**WORK REQUIRED**
Omitting all pictures, print the lines of the listing from the one containing "Women Flats Fashion" through the final line, both ends included, with no other text.

**DATA FOR THE TASK**
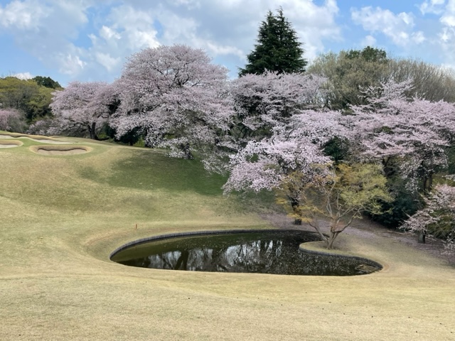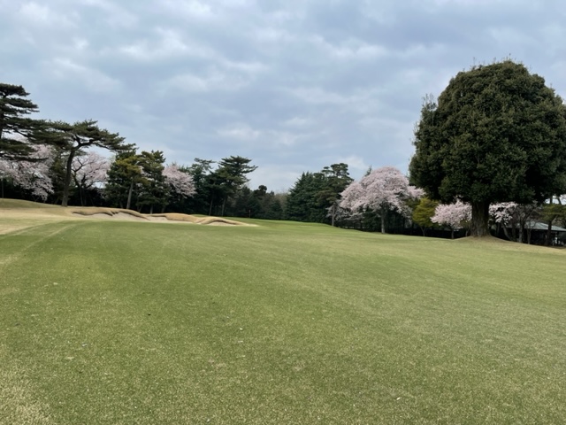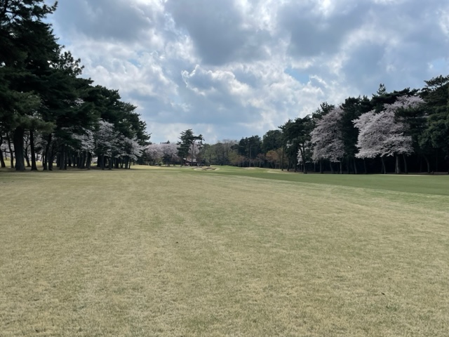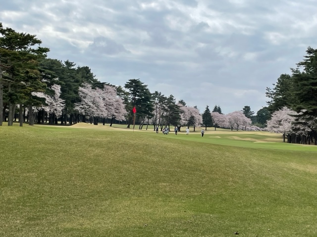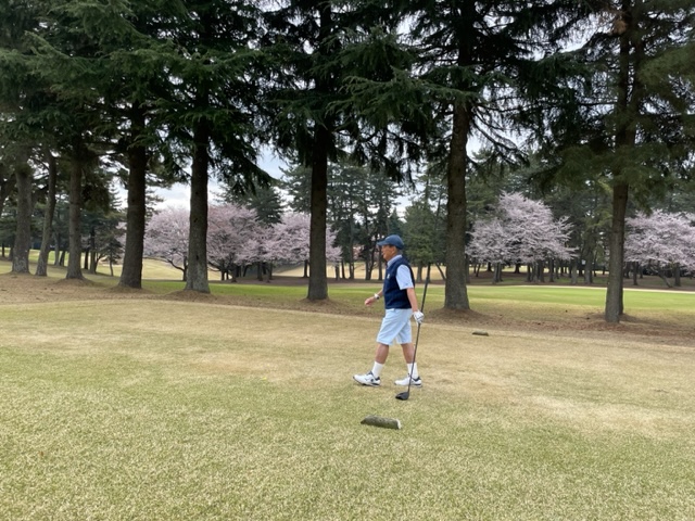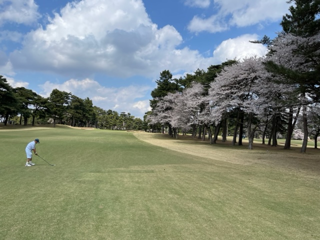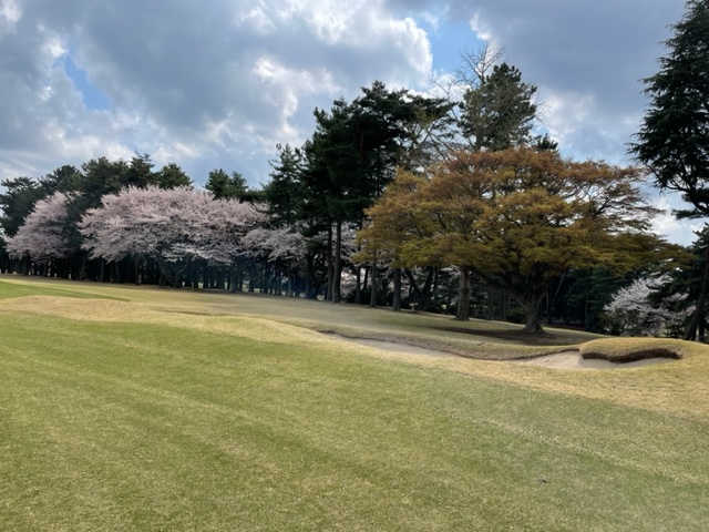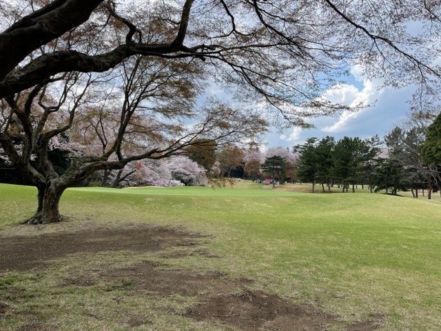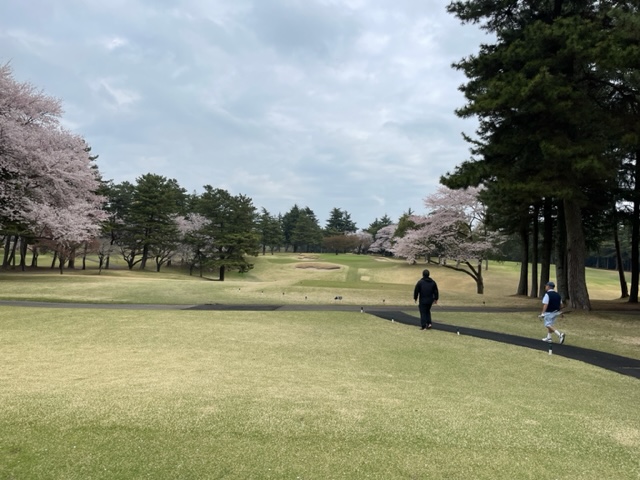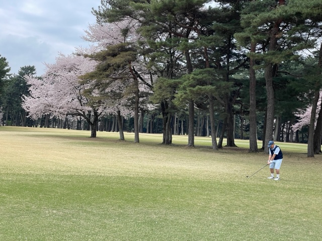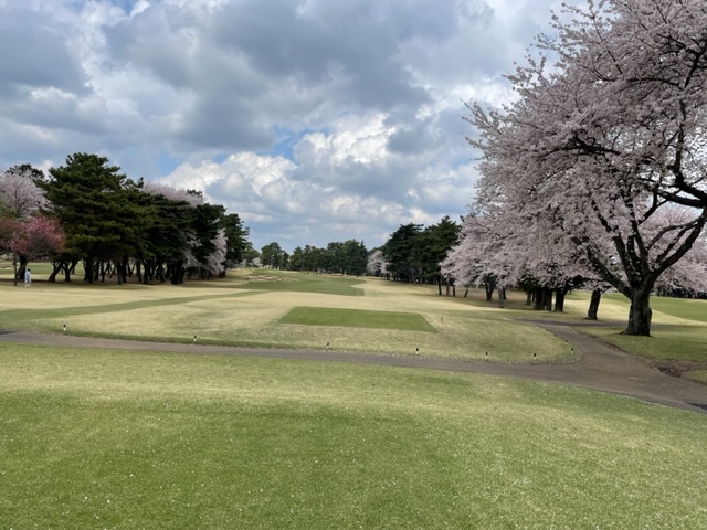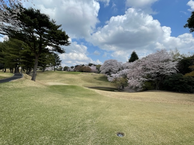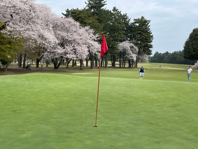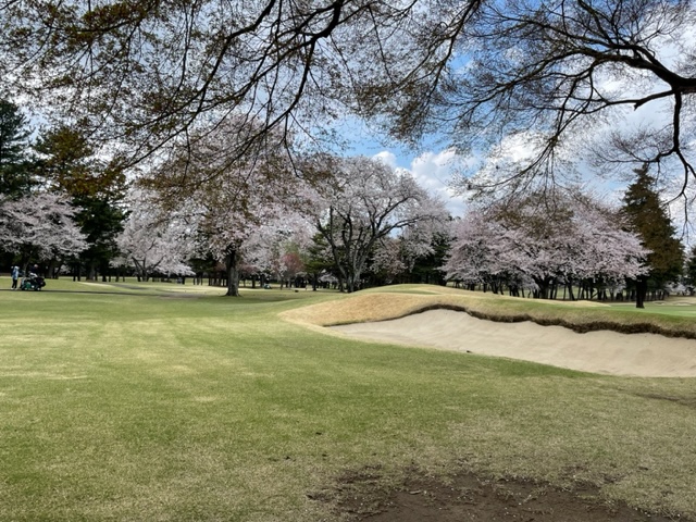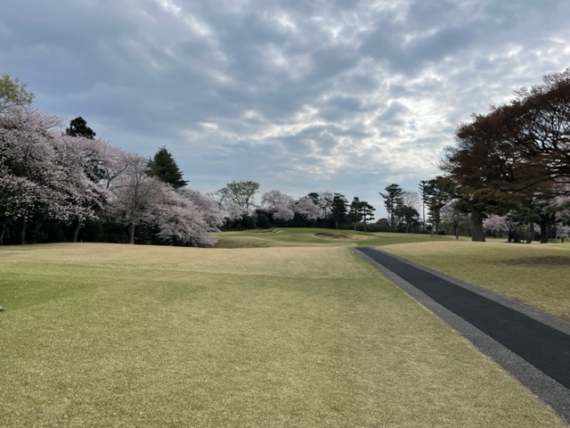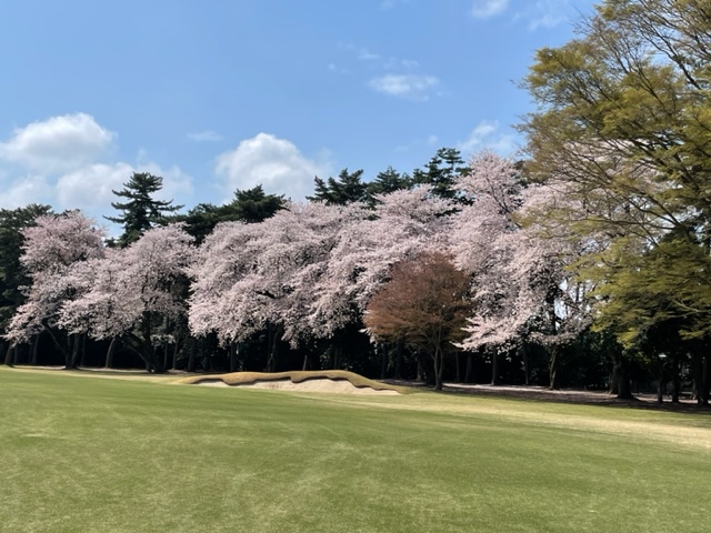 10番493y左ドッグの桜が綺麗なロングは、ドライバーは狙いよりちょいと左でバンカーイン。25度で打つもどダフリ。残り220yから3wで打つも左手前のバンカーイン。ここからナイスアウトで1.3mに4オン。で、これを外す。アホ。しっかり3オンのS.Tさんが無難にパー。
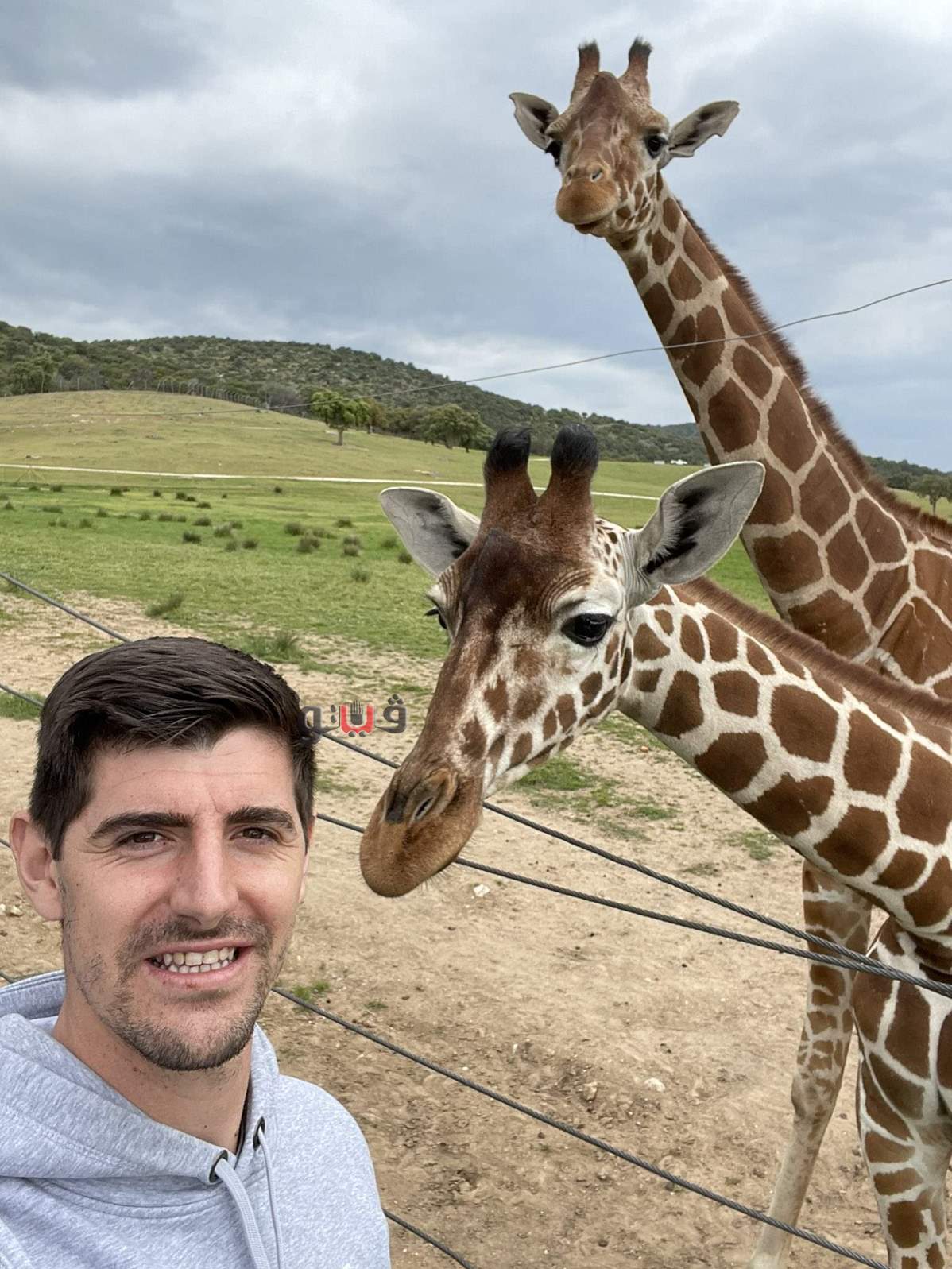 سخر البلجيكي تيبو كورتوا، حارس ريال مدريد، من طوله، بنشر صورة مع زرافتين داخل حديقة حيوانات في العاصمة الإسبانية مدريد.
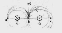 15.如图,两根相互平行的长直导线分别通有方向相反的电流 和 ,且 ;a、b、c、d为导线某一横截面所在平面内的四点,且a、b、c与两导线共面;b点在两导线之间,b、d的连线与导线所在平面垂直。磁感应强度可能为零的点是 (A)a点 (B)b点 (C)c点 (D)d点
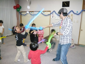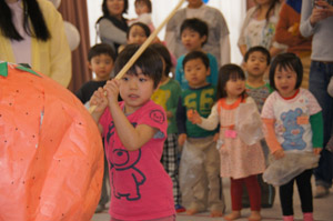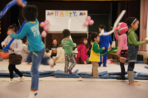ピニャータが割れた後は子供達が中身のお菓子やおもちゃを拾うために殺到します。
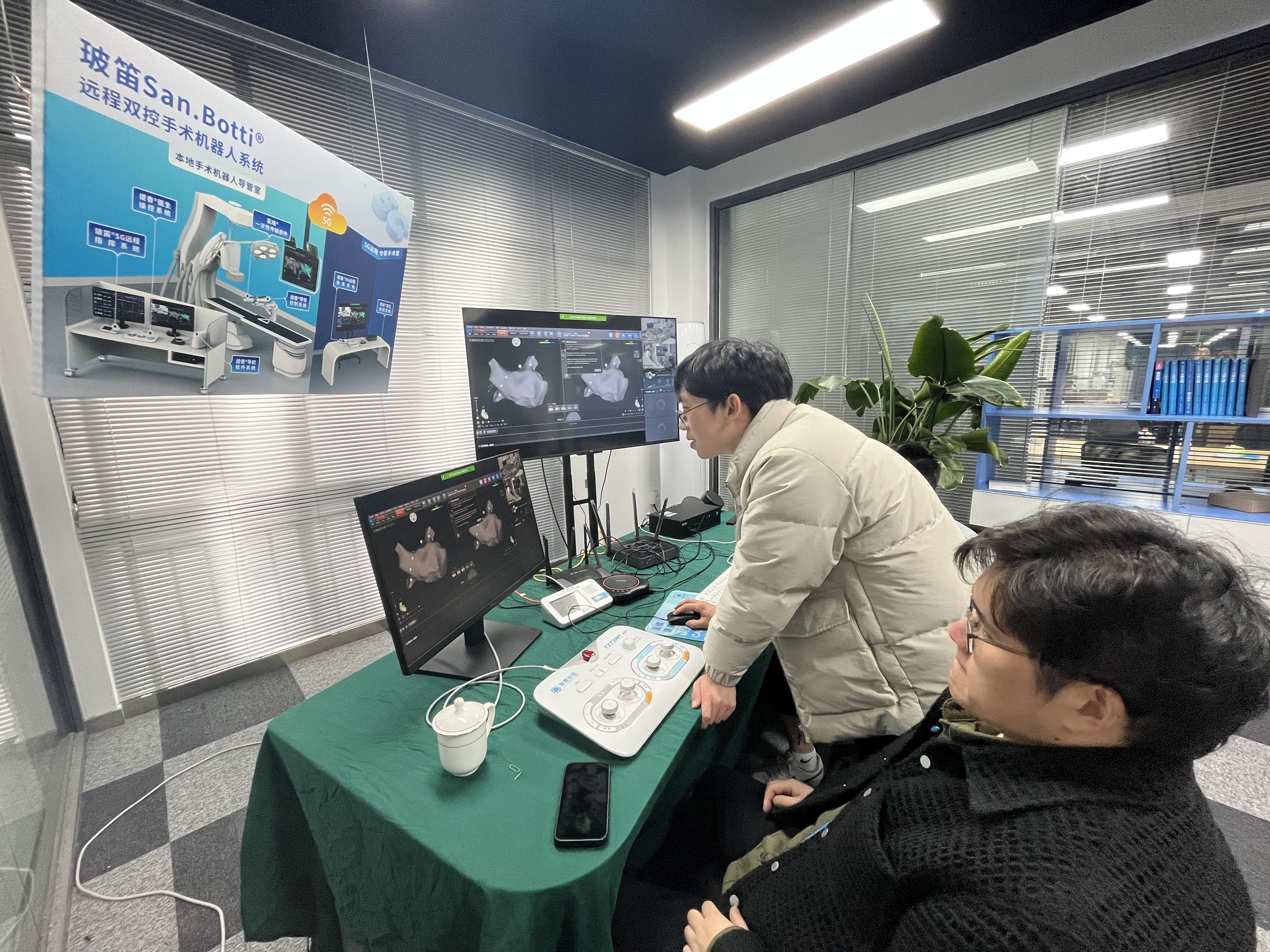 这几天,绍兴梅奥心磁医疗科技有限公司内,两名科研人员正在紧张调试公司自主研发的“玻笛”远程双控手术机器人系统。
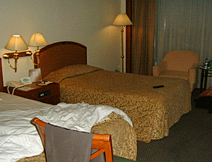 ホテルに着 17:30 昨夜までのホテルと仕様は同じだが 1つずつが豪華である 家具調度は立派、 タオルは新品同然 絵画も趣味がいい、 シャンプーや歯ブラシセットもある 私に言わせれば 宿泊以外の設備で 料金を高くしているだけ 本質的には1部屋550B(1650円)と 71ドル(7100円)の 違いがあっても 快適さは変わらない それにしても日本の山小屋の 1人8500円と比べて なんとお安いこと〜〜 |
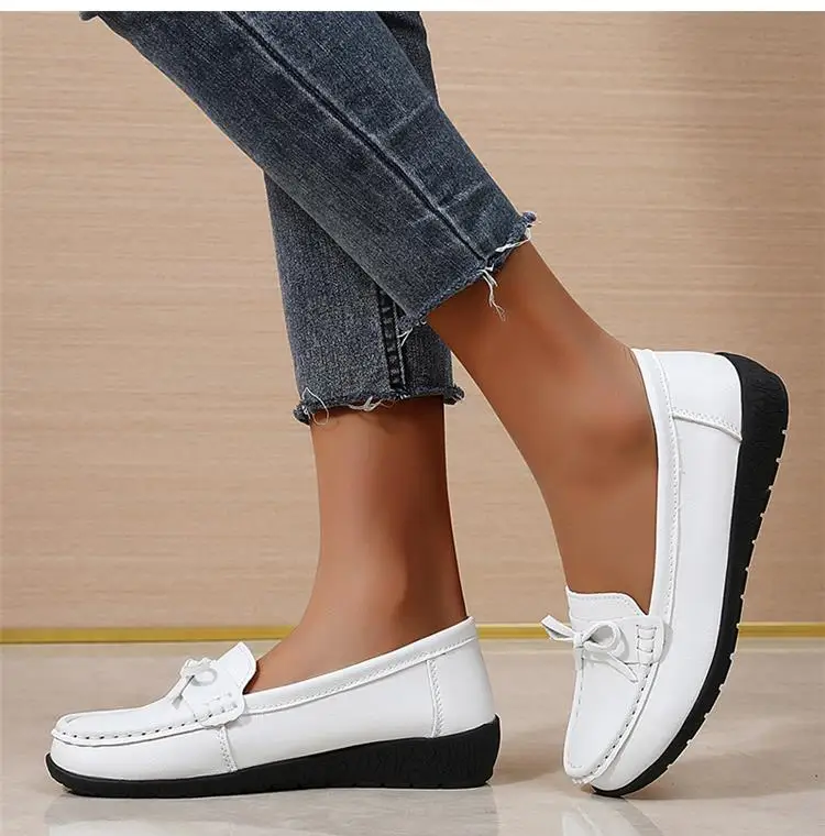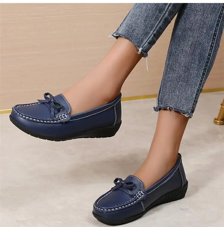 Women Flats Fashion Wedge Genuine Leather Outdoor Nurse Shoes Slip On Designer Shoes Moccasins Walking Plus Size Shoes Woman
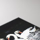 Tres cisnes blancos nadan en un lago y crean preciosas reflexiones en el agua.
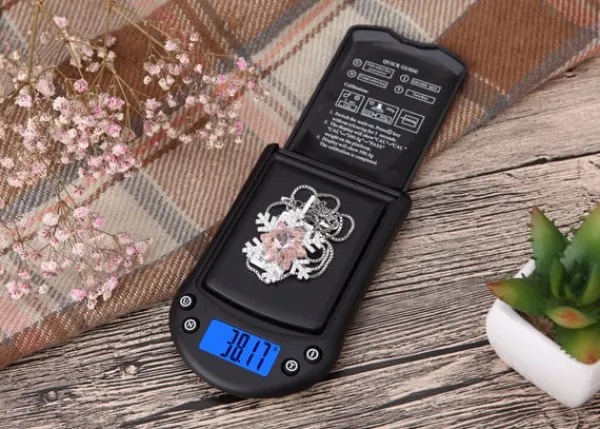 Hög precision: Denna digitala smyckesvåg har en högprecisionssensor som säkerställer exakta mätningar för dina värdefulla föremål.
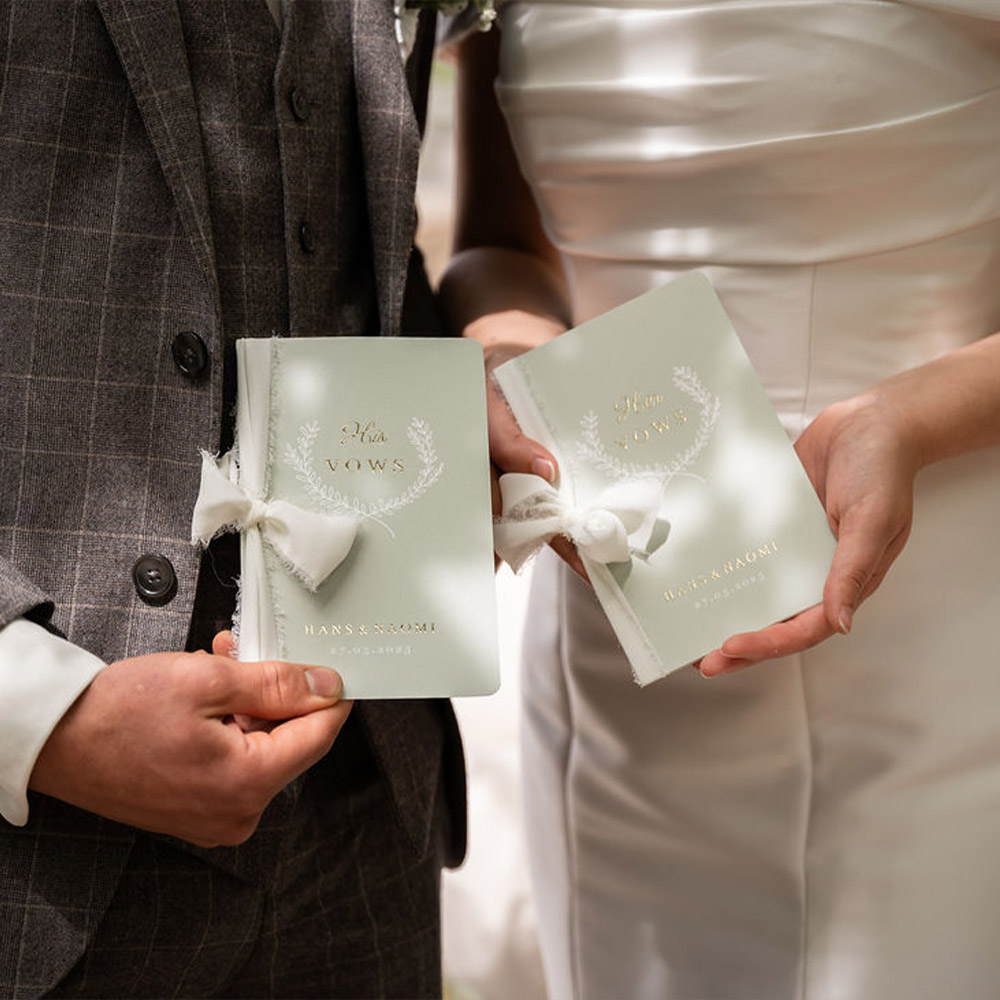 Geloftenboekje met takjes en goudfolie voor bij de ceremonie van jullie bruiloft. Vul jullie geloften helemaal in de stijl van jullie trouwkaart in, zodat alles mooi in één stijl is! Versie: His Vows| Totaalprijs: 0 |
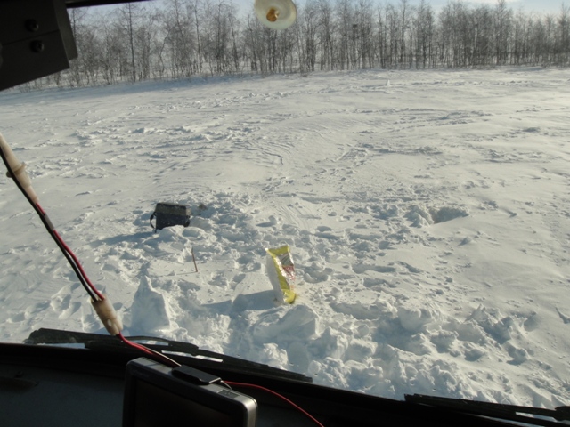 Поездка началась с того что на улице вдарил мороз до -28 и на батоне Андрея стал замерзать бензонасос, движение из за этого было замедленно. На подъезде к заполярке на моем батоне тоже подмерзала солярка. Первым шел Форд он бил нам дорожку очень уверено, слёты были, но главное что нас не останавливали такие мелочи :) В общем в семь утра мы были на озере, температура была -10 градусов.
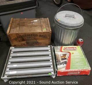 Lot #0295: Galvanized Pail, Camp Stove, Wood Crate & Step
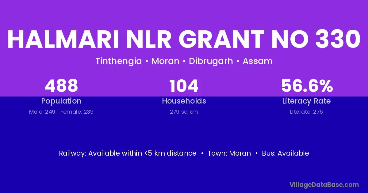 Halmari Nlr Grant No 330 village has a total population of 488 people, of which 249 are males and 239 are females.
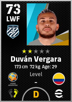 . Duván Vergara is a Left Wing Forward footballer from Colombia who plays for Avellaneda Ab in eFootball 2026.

**SOLUTION FOR THIS TASK**
 Women Flats Fashion Wedge Genuine Leather Outdoor Nurse Shoes Slip On Designer Shoes Moccasins Walking Plus Size Shoes Woman
 Tres cisnes blancos nadan en un lago y crean preciosas reflexiones en el agua.
 Hög precision: Denna digitala smyckesvåg har en högprecisionssensor som säkerställer exakta mätningar för dina värdefulla föremål.
 Geloftenboekje met takjes en goudfolie voor bij de ceremonie van jullie bruiloft. Vul jullie geloften helemaal in de stijl van jullie trouwkaart in, zodat alles mooi in één stijl is! Versie: His Vows| Totaalprijs: 0 |
 Поездка началась с того что на улице вдарил мороз до -28 и на батоне Андрея стал замерзать бензонасос, движение из за этого было замедленно. На подъезде к заполярке на моем батоне тоже подмерзала солярка. Первым шел Форд он бил нам дорожку очень уверено, слёты были, но главное что нас не останавливали такие мелочи :) В общем в семь утра мы были на озере, температура была -10 градусов.
 Lot #0295: Galvanized Pail, Camp Stove, Wood Crate & Step
 Halmari Nlr Grant No 330 village has a total population of 488 people, of which 249 are males and 239 are females.
 . Duván Vergara is a Left Wing Forward footballer from Colombia who plays for Avellaneda Ab in eFootball 2026.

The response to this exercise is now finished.